◆ Dataset extract ◆
==============================

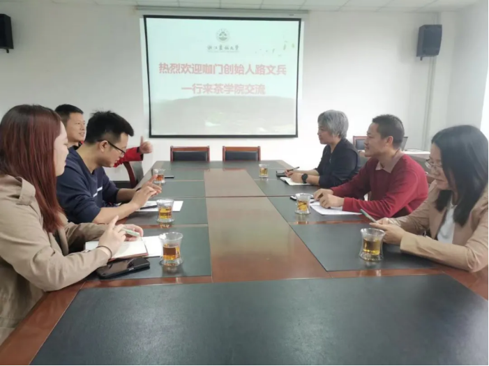11月2日,新茶饮行业新媒体咖门创始人路文兵及其合伙人汤迪、绍兴御茶村茶业有限公司董事长刘志荣一行来茶学与茶文化学院交流。学院党总支书记陈劲松、总支委员苏祝成、茶学专业负责人、党支部书记梁慧玲、妇联主席李春芳及专业相关老师参加了交流。
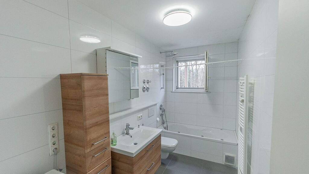Über einen Flur erreichen sie linker Hand das Tageslichtbad. Dieses ist ausgestattet mit einem Handtuchwärmer, einer Duschwanne und einem Waschmaschinen-Anschluss. Im weiteren Verlauf sind 2 Schlafzimmer angeordnet. Der Bodenbelage besteht aus einem Eichendielenparkett.
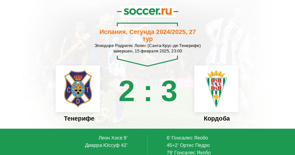 Протокол матча Тенерифе против Кордоба
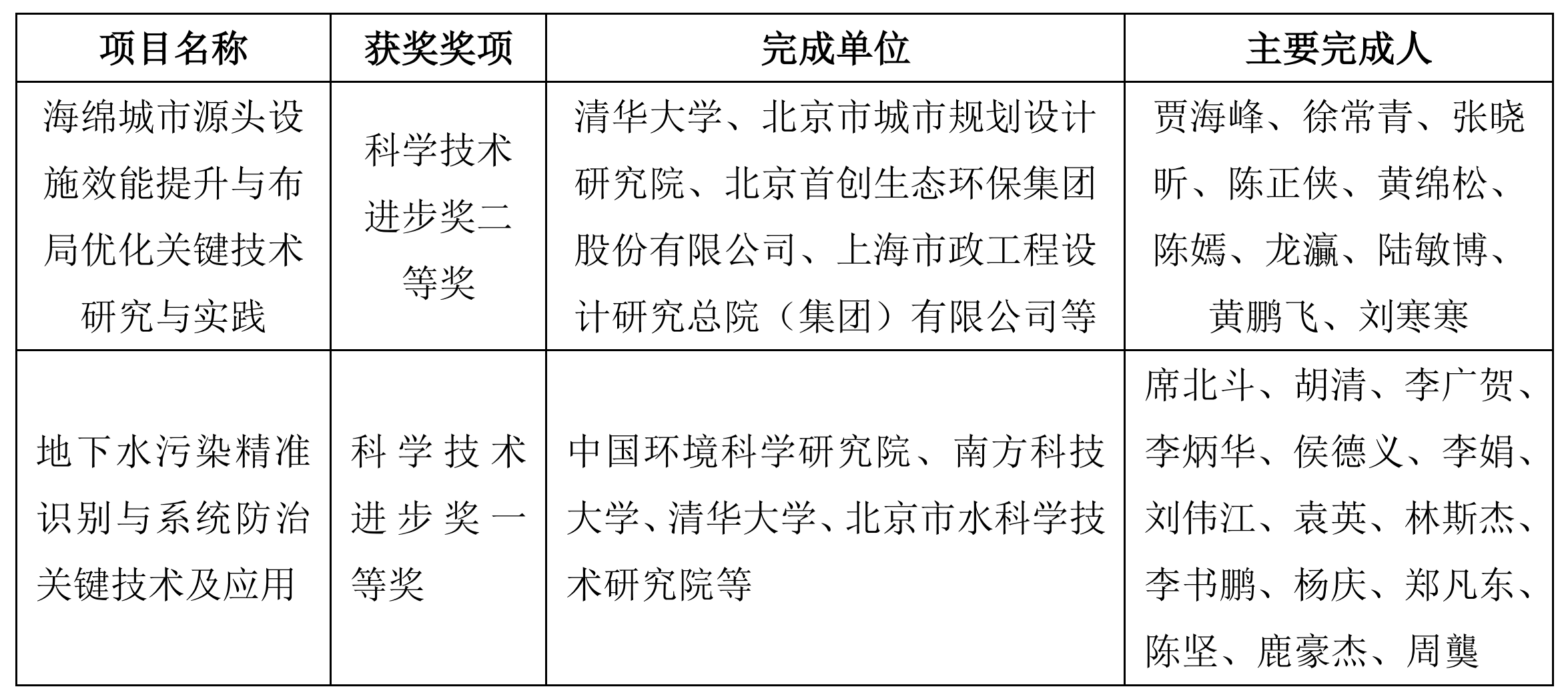 江南网页版2023年11月20日电(通讯员 陈正侠)近日,《北京市人民政府关于2022年度北京市科学技术奖励的决定》公布,江南网页版牵头完成的“海绵城市源头设施效能提升与布局优化关键技术研究与实践”成果获得北京市科学技术进步奖二等奖;参与完成的“地下水污染精准识别与系统防治关键技术及应用”成果获得北京市科学技术进步奖一等奖。

==============================

◆ About this exercise ◆
Please retype the listing above word for word, skipping each picture.

◆ Solution to this task ◆
11月2日,新茶饮行业新媒体咖门创始人路文兵及其合伙人汤迪、绍兴御茶村茶业有限公司董事长刘志荣一行来茶学与茶文化学院交流。学院党总支书记陈劲松、总支委员苏祝成、茶学专业负责人、党支部书记梁慧玲、妇联主席李春芳及专业相关老师参加了交流。
Über einen Flur erreichen sie linker Hand das Tageslichtbad. Dieses ist ausgestattet mit einem Handtuchwärmer, einer Duschwanne und einem Waschmaschinen-Anschluss. Im weiteren Verlauf sind 2 Schlafzimmer angeordnet. Der Bodenbelage besteht aus einem Eichendielenparkett.
 Протокол матча Тенерифе против Кордоба
 江南网页版2023年11月20日电(通讯员 陈正侠)近日,《北京市人民政府关于2022年度北京市科学技术奖励的决定》公布,江南网页版牵头完成的“海绵城市源头设施效能提升与布局优化关键技术研究与实践”成果获得北京市科学技术进步奖二等奖;参与完成的“地下水污染精准识别与系统防治关键技术及应用”成果获得北京市科学技术进步奖一等奖。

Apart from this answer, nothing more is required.